Event: Vivienne Westwood on climate change at the Innovation Convention

Credit: Innovation Union, European Commission, also Geoff Chambers for transcribing this

People:

  • Vivienne Westwood: English fashion designer and businesswoman

[Vivienne Westwood on Climate Change at the European Commission Innovation Convention, Brussels, 2011]

Vivienne Westwood: Well, I'm a fashion designer. I've always put my ideas into my fashion and my politics, and those have changed. And, about five years ago I asked myself: “What would I say to young people today?” And I decided I would want to talk to them about propaganda. I started to put these ideas into my fashion. I started to design t-shirts with graphics on, all about this. And the idea of propaganda, I sum it up - I'll just talk a little bit about this, because this is where I recently started again to be very active - and I referred to something I once read in Aldous Huxley, and he said that the three evils in the world were: nationalism, which has taken the place of religion - by the way, the United Nations defines a nation, the only way, they can’t, first of all they can’t define it by its boundaries, they can’t define it by its race, or its languages - even Switzerland has got three languages - the only thing they decided that a nation had in common was the capacity to go to war. Anyway, so this is a nation, and if you, when we say it’s taken the place of religion, you only have to think of the stuff that comes out of America, and you only have to think of the whatever it’s called, the al Qaeda, the Arab threat to realise that religion is nationalism or an ability to wage war. Anyway, so, he, and I think it’s even more true today to say that this is one of the constituents, one of the evils of the world, and one of the constituents of propaganda, because I decided that this was a factor of propaganda.

The other two evils were organised lying, and today we have organised lying on an incredible scale, not just the kind that you’re aware of, but the whole frame of reference by which we understand the world is an untruth, it’s a lie, it has no perspective about what human beings really are capable of. It’s all been diverted into consumerism, let’s say.

Anyway, and the other evil, the most virulent of all the evils according to Huxley, and I agree with him, was non-stop distraction.
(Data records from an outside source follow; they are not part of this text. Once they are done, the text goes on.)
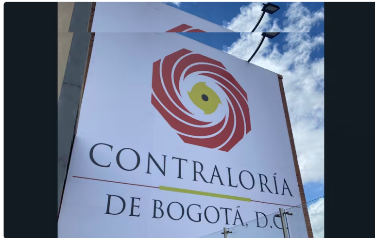
Contraloría de Bogotá abre procesos por presunto detrimento superior a los 313.000 millones de pesos.

La Contraloría de Bogotá abrió un proceso de posible responsabilidad fiscal tras varios hallazgos luego de una investigación que adelantó sobre un proyecto que involucra a Enel Colomba.
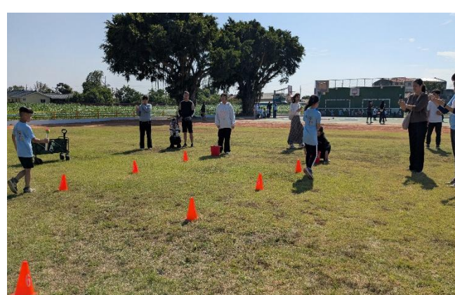
家長熱情參與趣味競賽，為學生加油
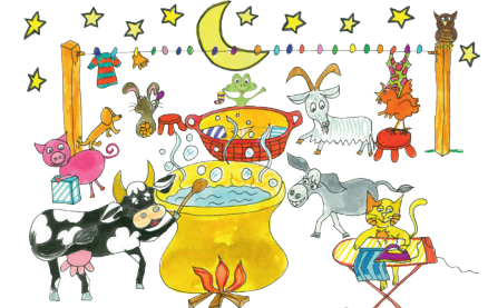
15 Die Tiere arbeiten fleißig.
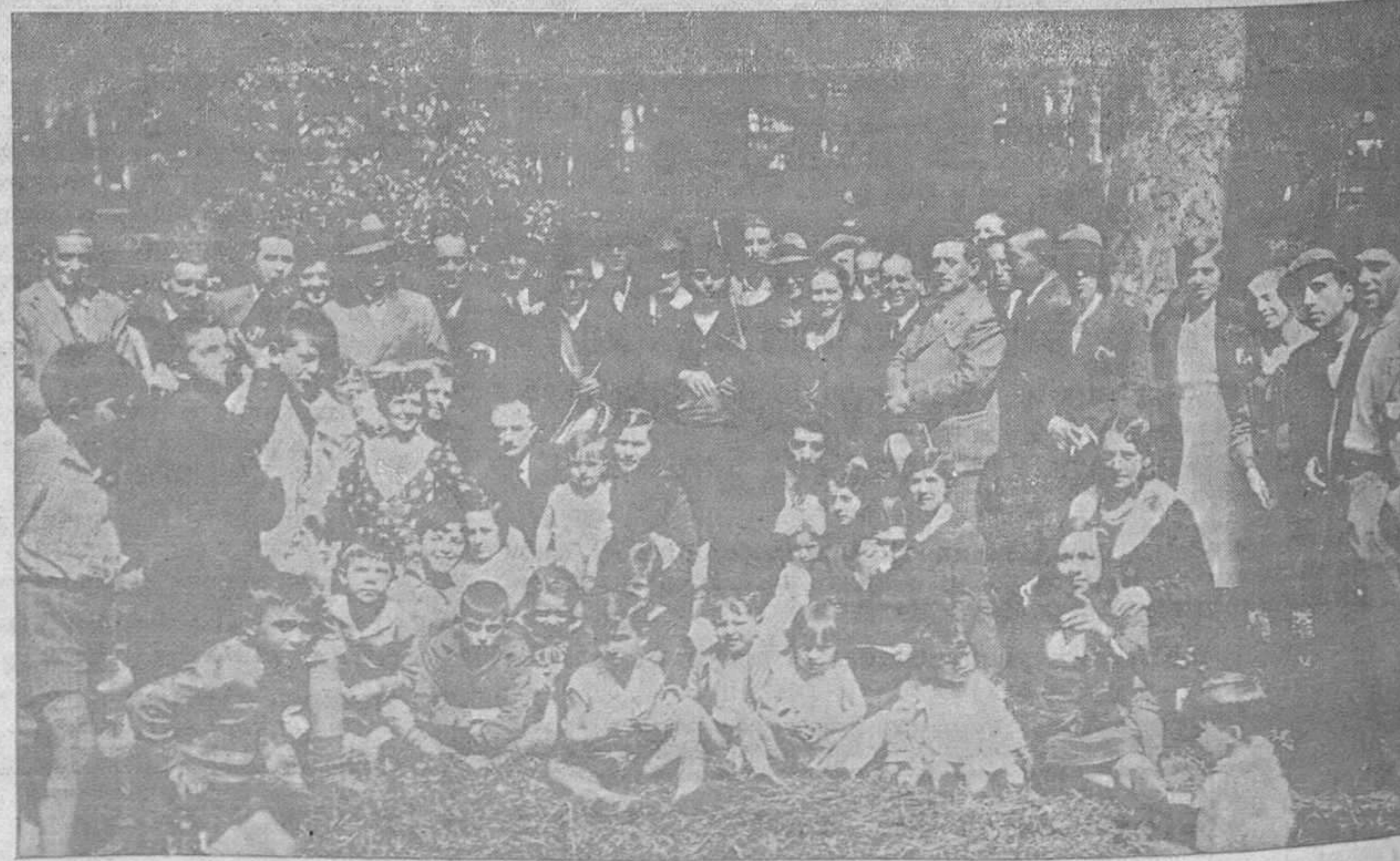
EL «MARTES DEL BOLLU».—Uno de los numerosos grupos que se formaron en el hermoso Campo de San Francisco para celebrar la clásica fiesta, de la que tan bellos recuerdos guardan los viejos ovetenses, amantes de las tradiciones de la ciudad y sus defensores más entusiastas.
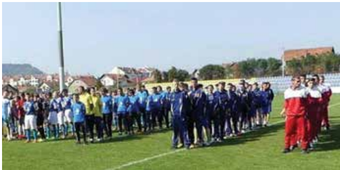
Са отварања Меморијала „Др Милан Јелић“

Кадети ОФК Београда победници су 8. Меморијала „Др Милан Јелић“ који је одржан у Модричи у знак сјећање на рано преминулог председника Републике Српске и првог човјека фудбала у Српској и у БиХ. Београђани су
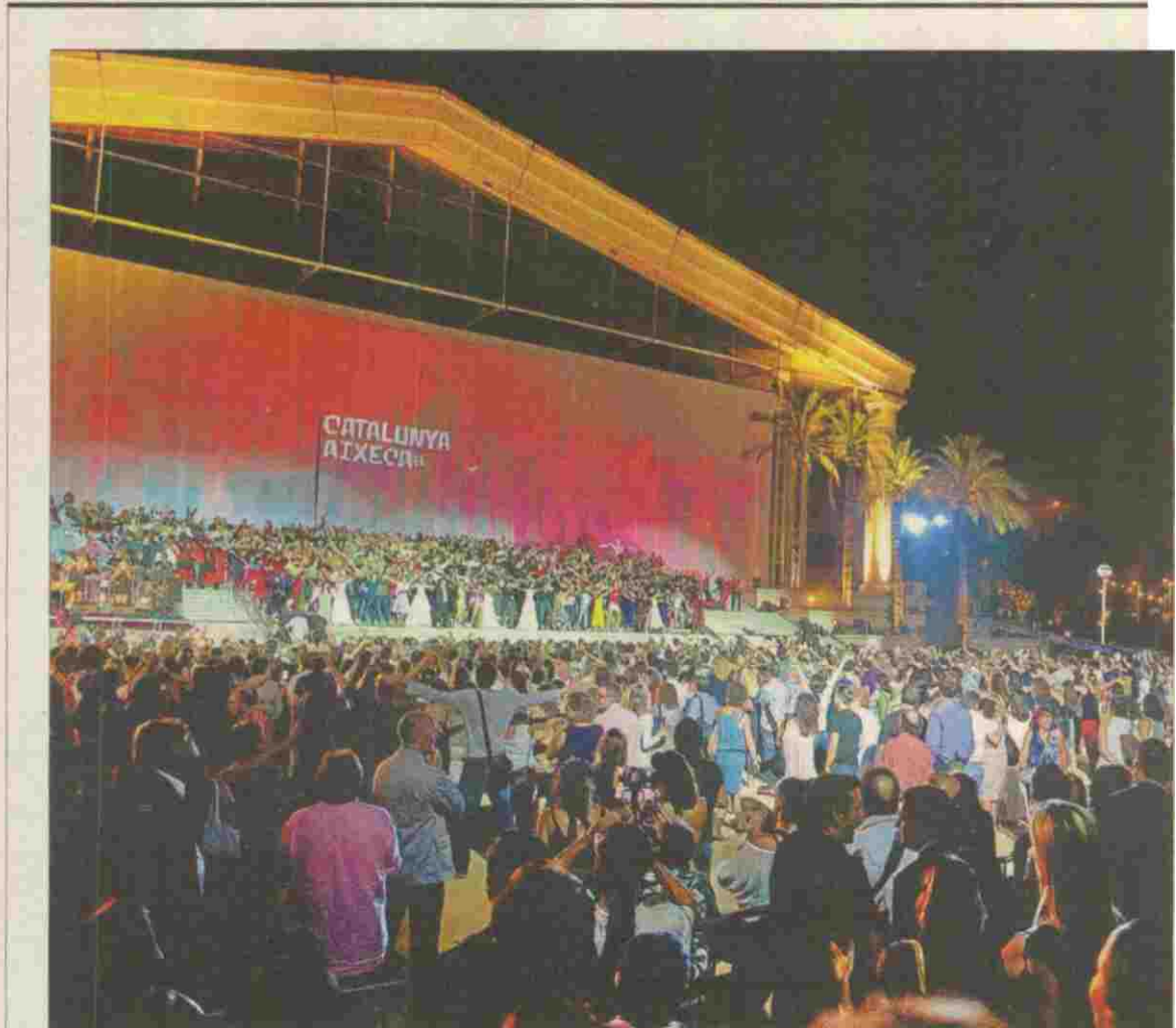
Un moment de la gala d'ahir a la nit als jardins del TNC

L'altra dada negativa ha estat la caiguda d'espectadors de dan-
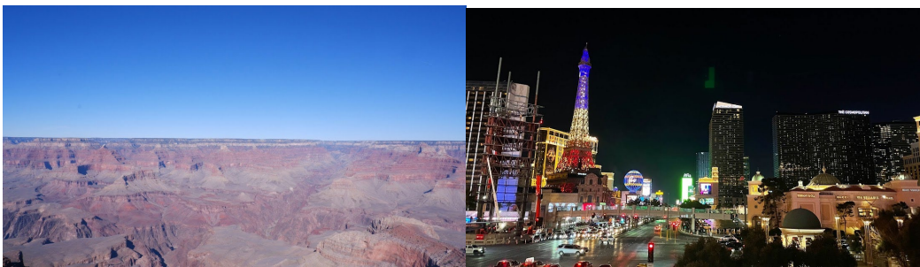
グランドキャニオン

ラスベガスのストリップはとても煌びやかな世界で世界各地からの観光客で溢れていました。驚いたのは治安の良さと街の綺麗さです。ラスベガスを代表するカジノそして勿論飲酒の年齢も 21 歳ですが、様々な噴水ショーや雰囲気でも 20 歳の私でも十分に楽しめました。
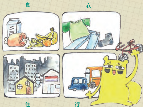
■ 食衣住行的減碳策略

因為全球氣候變遷的影響，強颱、強降雨、乾旱等極端氣候現象越來越常見！為了盡一份地球公民的責任，每一個人必須在生活上儘量符合低碳環保理念。例如，在「食」的方面，以在地食材、當令蔬食、愛惜食物、減少使用免洗餐具為原則；「衣」的方面，以使用天然衣料、無毒洗潔、減少乾洗為基礎；「住」的方面，採用綠建材、優先選購綠建築、使用節能標章家電、採用省水標章器具為要項；「行」的方面，以步行或自行車代步、降低汽機車使用頻率、選購環保標章汽機車為目標。如此，便能有效降低個人的碳排放量、減少廢棄物及污染排放、減緩對環境的衝擊，並讓生活更符合永續的理想。
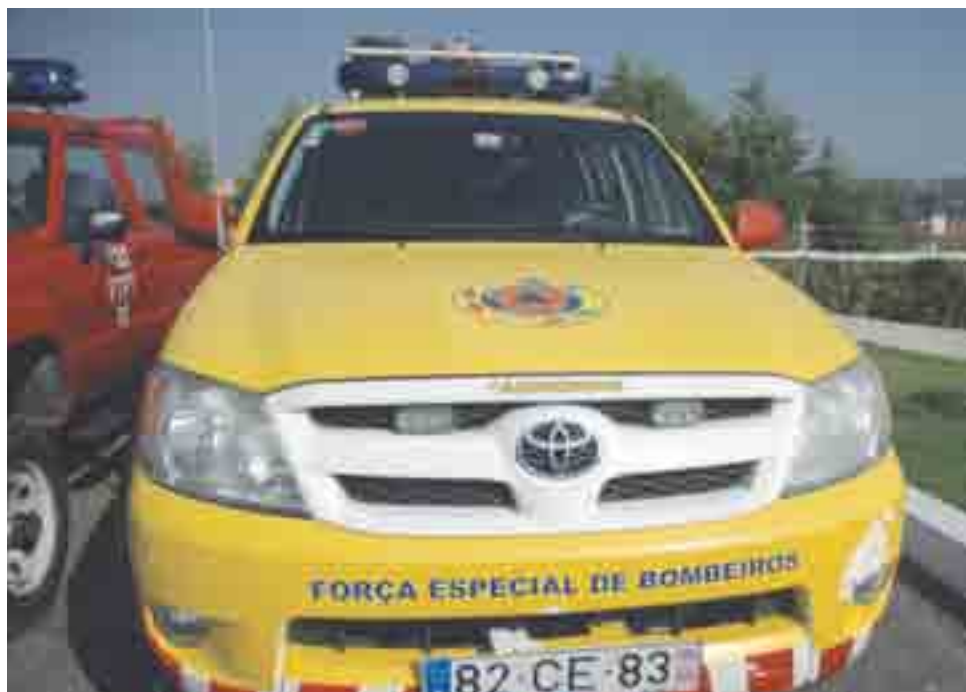
► Uma das viaturas utilizadas pela Força Especial de Bombeiros com o equipamento utilizado no teatro das operações

If your head is full of rubbish, nothing else can go in. Anyway, so I decided that these were the constituents of propaganda, and that’s what I started to talk to young people about through my fashion, and I started to put these t-shirts in fashion shows and everything. And then I even wrote a manifesto, and the manifesto is saying that if you become an art lover, you’re a freedom fighter for a better world, because you’re starting to think. You get off the consumer treadmill, you invest in what you’re doing, going to look at paintings for example or listening to great music or theatre is to invest in it. You don’t just suck it up, it’s not consumerism. You get out what you put in. it’s not easy. Most people can’t be bothered with it.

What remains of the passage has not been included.